Sciurba, a former photographer who also worked in advertising as a graphic artist and salesman, moved to Warrenton in the 1980s and to Purcellville three years ago. Over the years, he has sold several pilot scripts to television networks, but none was ever produced. By 2001, he felt if he didn't take the leap into filmmaking, he never would.

"I'm not very good at verbalizing," Sciurba said. "Film is the one art form I really relate to."

The idea of making a movie based on the Hawthorne story was suggested by Sciurba's girlfriend, M.J. McAteer, letters editor at The Washington Post, a former English major and a Hawthorne fan.

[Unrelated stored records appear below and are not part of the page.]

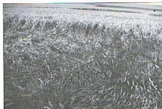
East Field - untouched area of formation around 5am - W. Keech 2007

Was this formation a hoax? No it was not! I would not be very interested in it at all if it was, nor would I stand up and face this barrage of hostile fire to bring it forward if it was anything less than important. Not only is there no sign of hoaxing in the video (almost continuous from 11pm to 4am), the difficulty of surveying a massive and perfect formation in the cloudy, almost pitch darkness of that night; with camera killing wind driven condensation combined with the difficult topography of the field itself almost instantly rules it out. For me, as soon as I saw the message I knew it could only be genuine. When the scientist in me entered the almost untouched formation and saw multi-weave lays and expulsion cavities in the un-buckled stalks I knew for certain. (To non-crop circle initiates this evidence of gross intense heat across the crop and intricate multilayered design has always been a benchmark of authentic formations).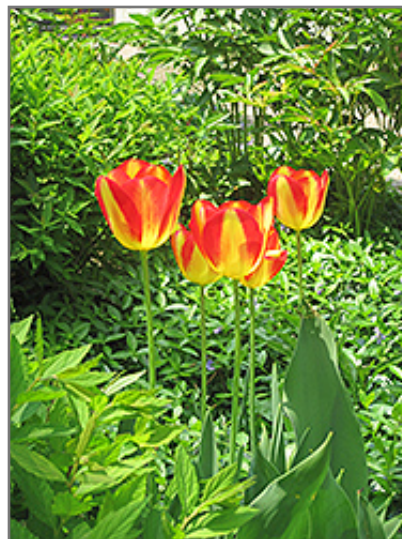
Antoinette Tulip in bloom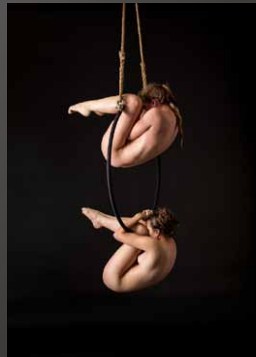
HM Chip Bulgin Synchronized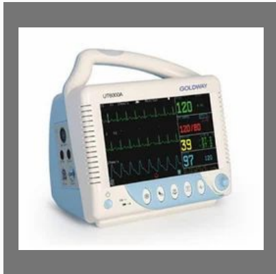
Automatic Patient Monitor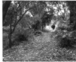
Refuge Cove, evidence of a stone base of what was originally thought to be part of try works but later identified as a house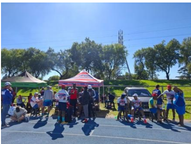
Members enjoying breakfast on a relatively warm day for Colgate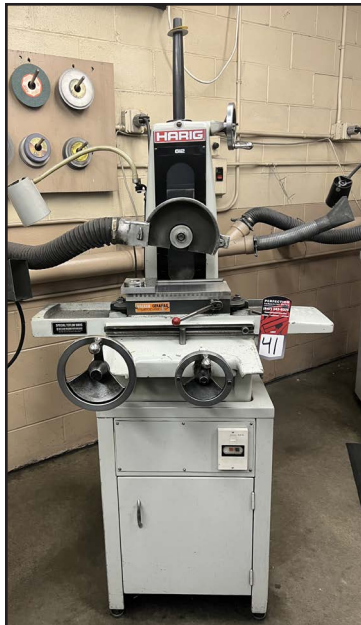
(1 OF 6) HARIG 612 SURFACE GRINDERS

As to cost, Sciurba would only say that the production depended mostly on donated props and settings. Like the actors in "The Vulture's Eye," which was bought by a distributor last year and is available on the Internet, the actors in "Perfect Poison" received no compensation other than a promise of a percentage of any future profits.

One donated setting was a stable with old-fashioned wooden stall doors. For three weeks in October, an old oak tree on George Wiltshire's Mosby Springs Farm in Middleburg became the backdrop to a crucial scene in "Perfect Poison." His horses were incorporated into the plot, and even his daughter Annia Dowell-Wiltshire, now 16, ended up an extra.

Wiltshire, 62, said that the experience motivated him to perform some upkeep long delayed since his wife died eight years ago.